Introduction to Romans

Origin of the Church at Rome

      We have no specific information in the Scriptures about the time or circumstances of the origin of the church in Rome. Obviously, the church began as a result of people hearing, believing, and obeying the gospel of Christ. Just when and where this happened we are not informed.
      There were sojourners from Rome in the city of Jerusalem on the day of Pentecost when the church of Christ was established (Acts 2:10). Possibly some present then were converted that day, or soon thereafter, and brought the gospel back to Rome upon their return home. Regardless of its beginning, by the time this epistle was written the church in Rome was known through the world for its faith and obedience (1:8; 16:19).

Author and Writer

      A distinction is made between the author and writer because the author, in the sense of its source, is Deity. Deity used Paul, the apostle, as the writer. The book is a revelation from God unto man through the inspired apostle.

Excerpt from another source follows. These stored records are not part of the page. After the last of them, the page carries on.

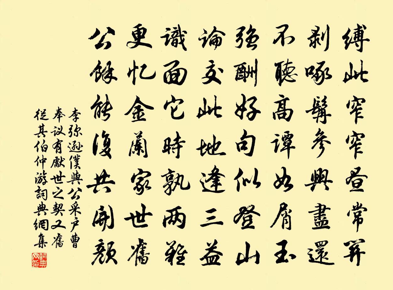 詩詞名句歷史字典書法欣賞書法字典國語詞典說文解字康熙字典古漢語字典標 題 作 者 詩 句 仆與公采戶曹奉議有先世之契又舊從其伯仲游作者:李彌遜 朝代:宋代原文縛此窄窄晝常關,剝啄髯參興盡還。不聽高譚如屑玉,強酬好句似登山。論交此地逢三益,識面它時孰兩難。更憶金蘭家世舊,公餘能復共開顏。詩詞問答問:《仆與公采戶曹奉議有先世之契又舊從其伯仲游》的作者是誰?答:李彌遜問:該詩寫於哪個朝代?答:宋代書法欣賞仆與公采戶曹奉議有先世之契又舊從其伯仲游書法作品詩文賞析【原題】:仆與公采戶曹奉議有先世之契又舊從其伯仲游今復相遇於此前日偶過西鄰不知嘗辱車馬承貺佳什次韻為謝詩詞推薦紹興朝日十首佚名〔宋代〕天宇四齊,嘉壇聿崇。肅祗嚴祀,登降有容。仰瞻蠼靈,位居其中。既安既妥,沛哉豈融。病臥陸游〔宋代〕老境偏饒臥,秋天不肯晴。愁憑書解散,病仗藥支撐。果熟鳥烏樂,村深雞犬聲。邊頭定何似,頗說募新兵。秋曉孫應時〔宋代〕高葉明初日,偏林澹遠煙。晴空如滉漾,秋氣更暄妍。睡足小窗淨,心清浮慮捐。與人同樂意,憂國見豐年。春寒二首張耒〔宋代〕星霜殘臘過,霰雪一冬頻。雲重常昏晝,寒多更入春。晚風捎翠暮,輕雨斂微塵。滿酌山樽酒,驅愁爾最親。頌古十六首釋道寧〔宋代〕風頭坐斷進還難,衲子相將不易看。不到潼關天已曉,不堪回首望長安。滿江紅(始生之日,丘宗卿使君攜具來為壽,坐中賦詞,次韻謝之)范成大〔宋代〕竹里行廚,來問訊、諸侯賓老。春滿座、彈絲未遍,揮毫先了。雲避仁風收雨腳,日隨和氣薰林表。向尊前、來訪傷春朱淑真〔宋代〕覽鏡驚容卻自嫌,逢春長是病厭厭。吹花弄粉新來懶,惹恨供愁近日添。生怕子規聲到耳,苦羞雙燕語穿簾。眉頭送楊皞東歸盧綸〔唐代〕登樓掩泣話歸期,楚樹荊雲發遠思。日裡揚帆聞戍鼓,舟中酹酒見山祠。西江風浪何時盡,北客音書欲寄誰。若說如夢令(中呂思情)周邦彥〔宋代〕塵滿一絣文繡。淚濕領巾紅皺。初暖綺羅輕,腰勝武昌官柳。長晝。長晝。困臥午窗中酒。見柿樹有感張九成〔宋代〕茲山余初來,掩冉柿葉青。相去未三月,柿花亦已零。乃茲尋去路,累累滿空庭。人生豈無情,眷眷不忍行。嚴霜和崔侍御日用游開化寺閣吳少微〔唐代〕左憲多才雄,故人尤鷙鶚。護贈單于使,休軺太原郭。館次厭煩歊,清懷尋寂寞。西緣十里餘,北上開化閣。初入游城南即事二首王安石〔宋代〕神奸變化久難知,禹鼎由來更不疑。螭魅合謀非一日,太丘真復社亡遲。光福塘上范成大〔宋代〕指點炊煙隔莽蒼,午餐應可寄前莊。雞聲人語小家樂,木葉草花深巷香。春去已空衣尚絮,雨來何晚稻初芒。祗今踏莎行·潤玉籠綃吳文英〔宋代〕潤玉籠綃,檀櫻倚扇。繡圈猶帶脂香淺。榴心空疊舞裙紅,艾枝應壓愁鬟亂。午夢千山,窗陰一箭。香瘢新褪紅絲劉晦叔許洮河綠石硯黃庭堅〔宋代〕久聞岷石鴨頭綠,可磨桂溪龍文刀。莫嫌文吏不知武,要試飽霜秋兔毫。不見胡仲隸題蘇溪僧壁林季仲〔宋代〕念別三年久,相望一舍間。無人寄訊息,風雨暗前山。煮茶方岳〔宋代〕瀑近春風濕,松花滿石壇。不知茶鼎沸,但覺雨聲寒。山好僧吟久,雲深鶴睡寬。詩成不須寫,怕有俗人看。游靈岩和韻三首李壁〔宋代〕蕭然陳跡寄林坰,千古誰分偽與真。惟有離宮歌舞地,遺簪墜珥付耕人。生查子(同前夏日即事)晁補之〔宋代〕永日向人妍,百合忘憂草。午枕夢初回,遠柳蟬聲杳。蘚井出冰泉,洗瀹煩襟了。卻掛小簾鉤,一縷爐煙裊。沁園春佚名〔宋代〕金虎鳴秋,玉龍斯月,天氣正涼。應夢熊時候,葉丹苔碧,棲鸞亭館,橘綠橙黃。人在蘭台公子上,更身寄風流名句推薦讀書不下苦功,妄想顯榮,豈有此理?王永彬《圍爐夜話·第一一四則》 何時一樽酒,重與細論文。杜甫《春日憶李白》 製法而自犯之,何以帥下?陳壽《三國志·魏書·武帝紀》 天涯靜處無征戰,兵氣銷為日月光。常建《塞下曲四首·其一》 惡之者眾則危。荀子《荀子·正論》 臥看牽牛織女星,月轉過梧桐樹影。盧摯《沉醉東風·七夕》 朝辭白帝彩雲間,千里江陵一日還。李白《早發白帝城 / 白帝下江陵》 孤村落日殘霞,輕煙老樹寒鴉,一點飛鴻影下。白樸《天淨沙·秋》 耽於女樂,不顧國政,則亡國之禍也。韓非及後人《韓非子·十過》 反古者未必可非,循禮者未足多是也。商鞅《商君書·更法》
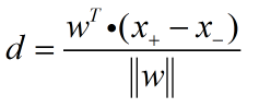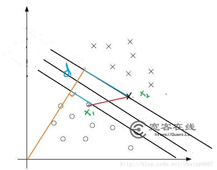 它是这样求出来的,数据中的支持向量在影响着最大间隔,那么假设两个支持向量x1和x2分别为正负,最大间隔就应该是x2-x1在法向量上的投影:
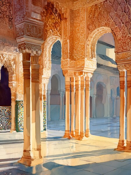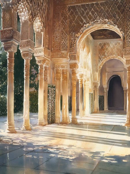 The arcade of the Alhambra glows in sunset tones, as golden motifs shimmer in radiant light. Shadows dance across patterned tiles, revealing the Moorish architecture’s elegance and splendor.
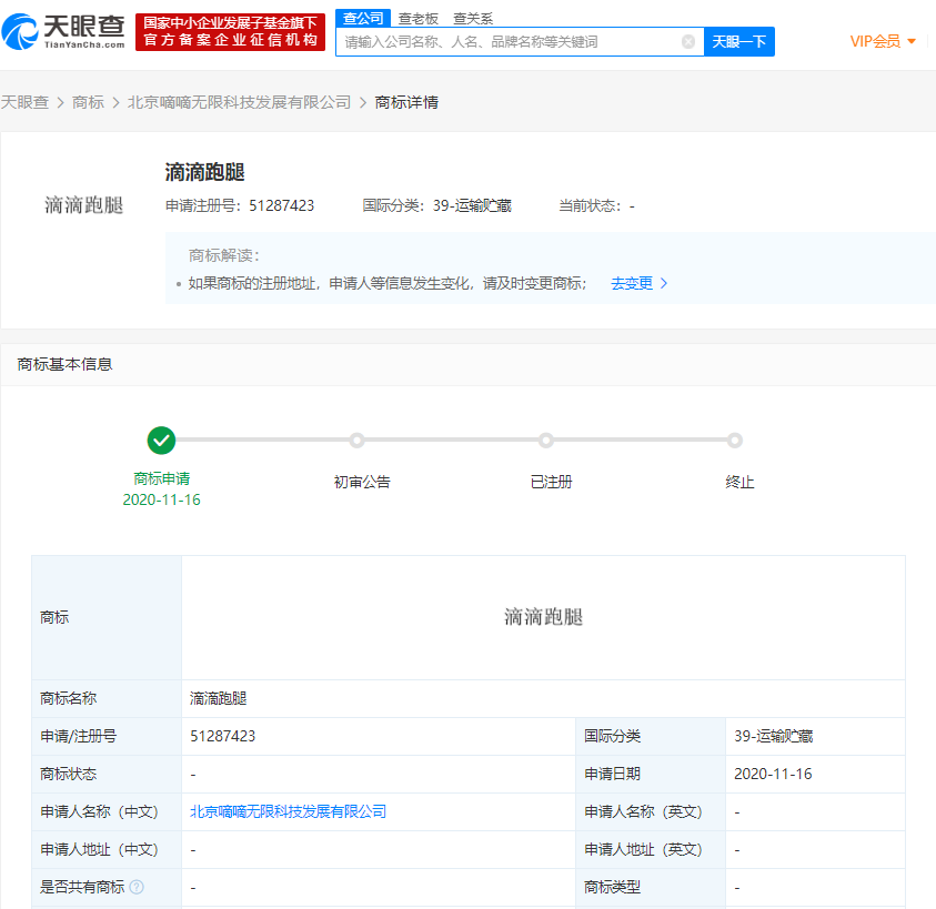 天眼查App显示,近日,北京嘀嘀无限科技发展有限公司新增滴滴跑腿商标申请,国际分类为运输贮藏,商标状态为商标申请中。据报道,滴滴跑腿业务由原来的代驾团队负责,于今年3月10日宣布上线,目前在上海、广州、深圳、重庆等19个城市上线运营。...
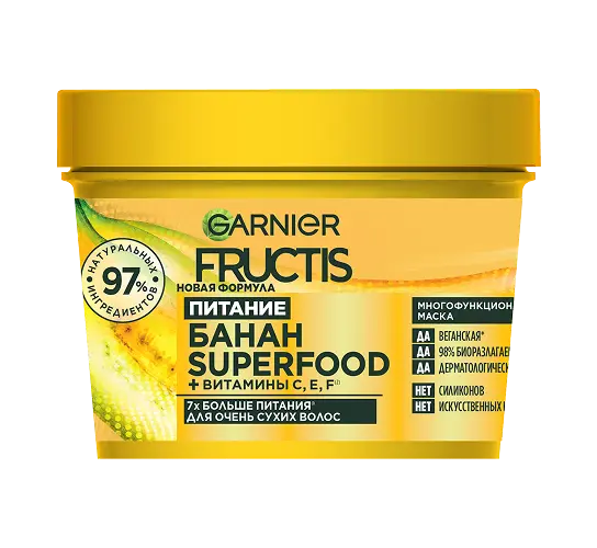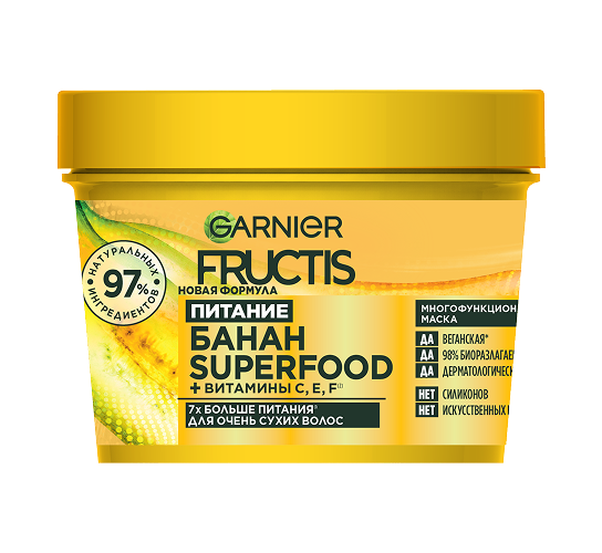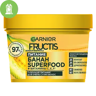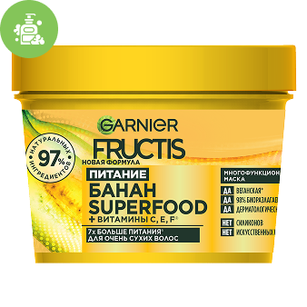 Superfood Банан Питательная маска 3-в-1 для восстановления, питания и увлажнения очень сухих волос, 390 мл
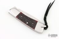 This slipjoint by Eugen Shadley features a hand rub satin finished blade with a single nail nick. The handle has stainless steel bolsters, jigged bone covers, stainless steel liners and laynard bail. Comes with zippered case. #609.  Excellent Condition.
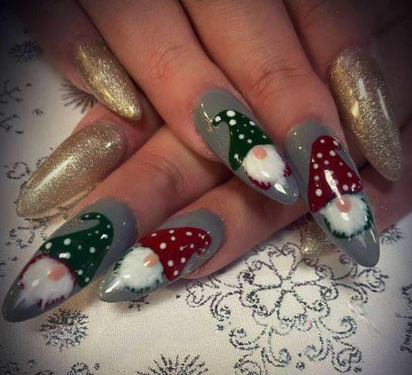 Featuring shimmering gold nails and playful gnome illustrations in red and green, this design adds a fun Christmas holiday twist with its cheerful, hand-painted charm.
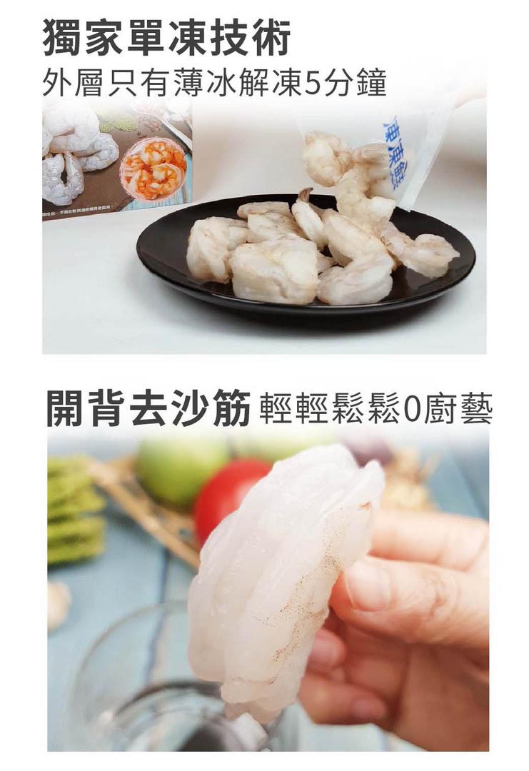 台灣專業工廠機器處理,比現剝還漂亮,開背徹底清除沙筋好乾淨、獨家個別急速單獨冷凍技術,顆顆分明,喜歡吃幾隻就解凍幾隻,不用再擔心吃不完或是反覆解凍。
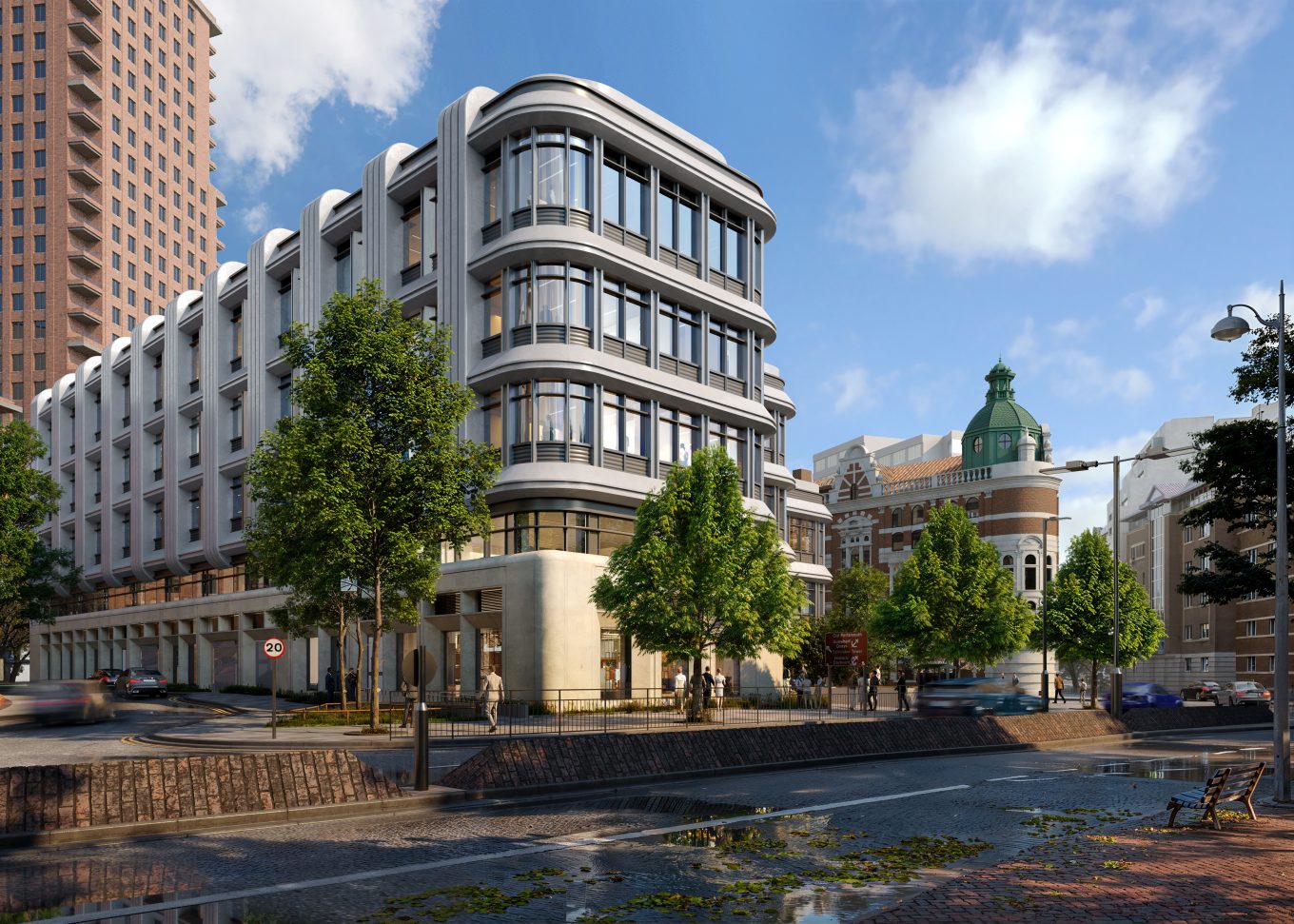 Blue and green infrastructure – including rain gardens, green roofs, and native planting – enhances climate resilience and supports sustainable drainage. The project also delivers measurable ecological benefits through a comprehensive Biodiversity Net Gain (BNG) strategy, creating habitats for pollinators and urban wildlife and ensuring a net gain in biodiversity value through on-site and off-site enhancements.
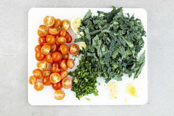 In einem mittelgroßen Topf ausreichend gesalzenes Wasser für die Pasta zum Kochen bringen. Den Schwarzkohl vom Strunk befreien und in feine Streifen schneiden. Die Tomaten halbieren. Den Knoblauch schälen und fein würfeln. Die Kräuter abzupfen und fein schneiden. Die Zitronenschale abreiben, dann eine Hälfte auspressen, die andere Hälfte in Spalten schneiden.
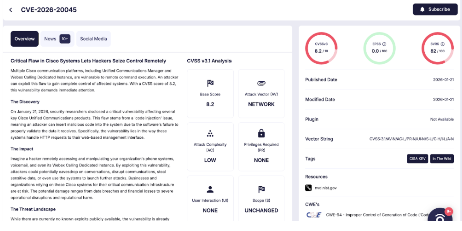Cisco has disclosed CVE-2026-20045, a critical remote code execution vulnerability affecting multiple Unified Communications products. The flaw has been confirmed as actively exploited in the wild, prompting emergency patches and a swift response from the U.S. Cybersecurity and Infrastructure Security Agency (CISA), which added the vulnerability to its Known Exploited Vulnerabilities catalog on January 21, 2026.
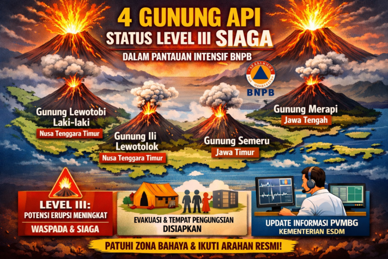 KLIKINAJA – Aktivitas vulkanik di sejumlah wilayah Indonesia kembali menjadi perhatian. Badan Nasional Penanggulangan Bencana (BNPB) memastikan pemantauan intensif terhadap empat gunung api yang kini berstatus Siaga atau Level III. Langkah ini di tempuh untuk mengantisipasi potensi erupsi sekaligus meminimalkan risiko bagi masyarakat yang tinggal di kawasan rawan.
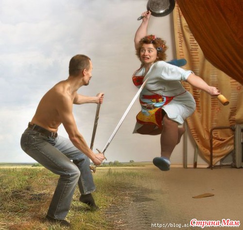 Мамочки мои! Что же делать?! Кого звать? Кровиночку мою избивают! Среди бела дня! Пока я в панике металась по балкону, мои дети, почистив зубы, высунулись из окна и стали болеть за папу. Наорав на детей и заперев их в кухне, я вернулась к театру боевых действий. Мужики бились не на шутку - у моего уже был оторван рукав, у бугая зрел фингал (мой-то ловчее оказался!). Пока я гордилась силой и ловкостью своего, бугай с размаху впечатал моему в лицо и разбил ему нос. Ну все! Пипец тебе, детина! У меня сковородка чугунная есть, ща я тебе покажу, как мужа моего обижать!
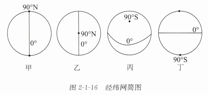 [2024·江苏徐州中考二模]贝贝是个小小地理迷,他根据自己对地球仪的观察绘制了如图 2 - 1 - 16 所示的经纬网简图。据此回答 6、7 题。
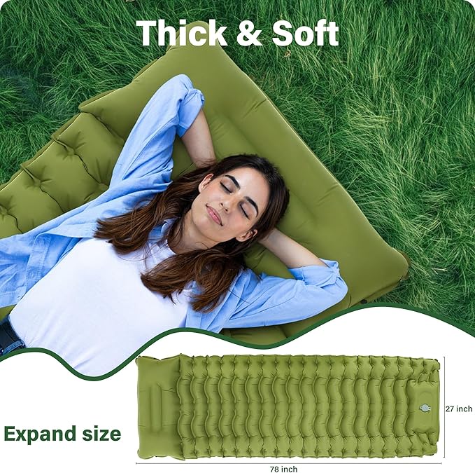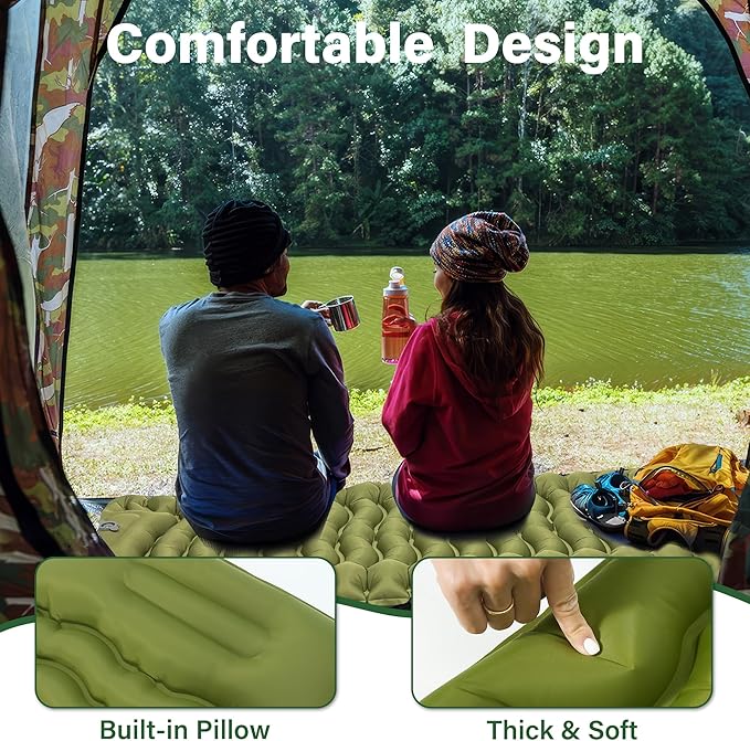 - Thick and Comfortable with Built-in Pillow:The 4-inch thick camping mat provides excellent support and comfort, ensuring a good night's sleep even on uneven ground. The built-in pillow adds an extra level of comfort, eliminating the need to bring an additional pillow. This backpacking sleeping pad is ideal for side sleepers and those who need extra cushioning for their outdoor sleep setup.
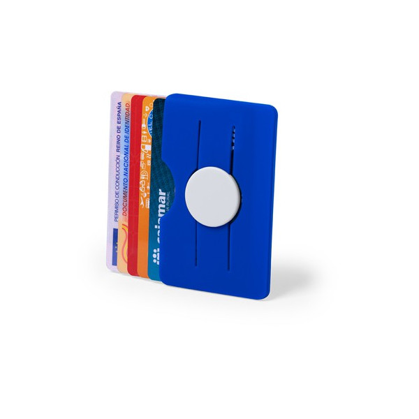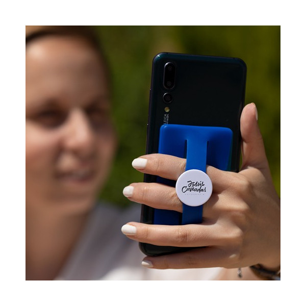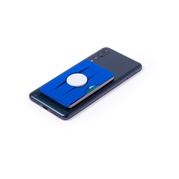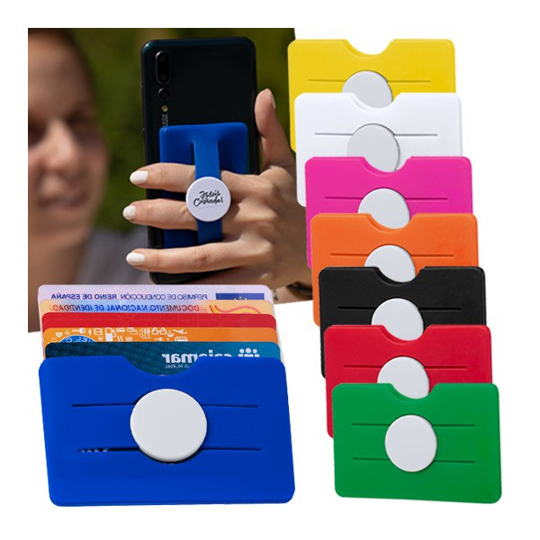 Tarjetero con sporte para smartphone. En materiales ABS y silicona, con adhesivo 3M, de fijación extra fuerte y libre de residuos al despegarlo del dispositivo. Tarjetero con capacidad para 4-5 tarjetas y disponible en llamativos colores, con soporte para los dedos en color blanco.

      To ask why the book was written may be like asking God why He has done what He has done. We may not fully comprehend all of God's purposes. However, the study of the book reveals some very obvious purposes intended. Paul had heard of his Roman brethren, and he longed to visit them. Possibly he knew some of them personally through previous contacts, or by reputation among the brethren. But the letter was written in preparation for what Paul expected to be an eventual visit by him to that city, and a visit he wanted to be mutually beneficial.
      The book shows the need of salvation for both Jew and Gentile, a universal need, because all have sinned. It shows that all can be saved, but that all must be saved the same way, and that way is the way presented in the gospel of Jesus Christ. No longer were Jews and Gentiles serving under different religious systems. Now all were to serve God through Christ. No longer could men be acceptable to God by any other system than the gospel system of salvation.
      Therefore, the book of Romans is a great and substantial doctrinal book. Romans presents this system of salvation as a system of mercy, grace, love, blood, faith, law, and the necessity of obedience. In both specific and general explanations, the scheme of redemption, the System of Salvation is defined, magnified, and explained in this epistle to the church at Rome.

Where Written

      Chapter fifteen, verses twenty-five through twenty-seven indicates that Paul was on his way to Jerusalem to deliver certain offerings that had been made by Gentile Christians in Macedonia and Achaia (Greece) for the poor saints in Judea. This corresponds to the last part of Paul's third missionary journey. Paul planned to go directly from Achaia to Syria, but because the Jews were lying in wait for him, he went back through Macedonia (Acts 20:3). No specific city is mentioned where this letter was penned. However, we learn in Acts 20:2 that he had gone into Greece, and remained there for three months before beginning his trip to Jerusalem via Macedonia. Therefore, it is not unlikely that he was in the city of Corinth, and the epistle was penned during his three month stay there.

When Written

      As already noted, Paul was likely in the last portion of his third missionary journey, possibly during the three month wait in Greece. As for the year, we must calculate and speculate.
      Caesar had banished the Jews from Rome about A. D. 52. It was under this banishment that Acquila and Priscilla left Rome, and came to Corinth where they met Paul for the first time. Considering the time for travel for them, plus the year and a half Paul stayed with them in Corinth (Acts 18:11), probably two and one half years passed.
      Paul also engaged in various travel (Acts 18,19), plus a two year stay at Ephesus (Acts 19:10), plus the three months in Greece. This would make the time near the year A. D. 57 or 58. The significance of this is not all important except to know that the Lord's church was now about twenty-five to thirty-years removed from Pentecost. The gospel was now widespread, persecution was apparent in every quarter, and Jerusalem was not yet destroyed as it would be in A. D. 70. It was a time of progress as well as hardship for the church of Christ.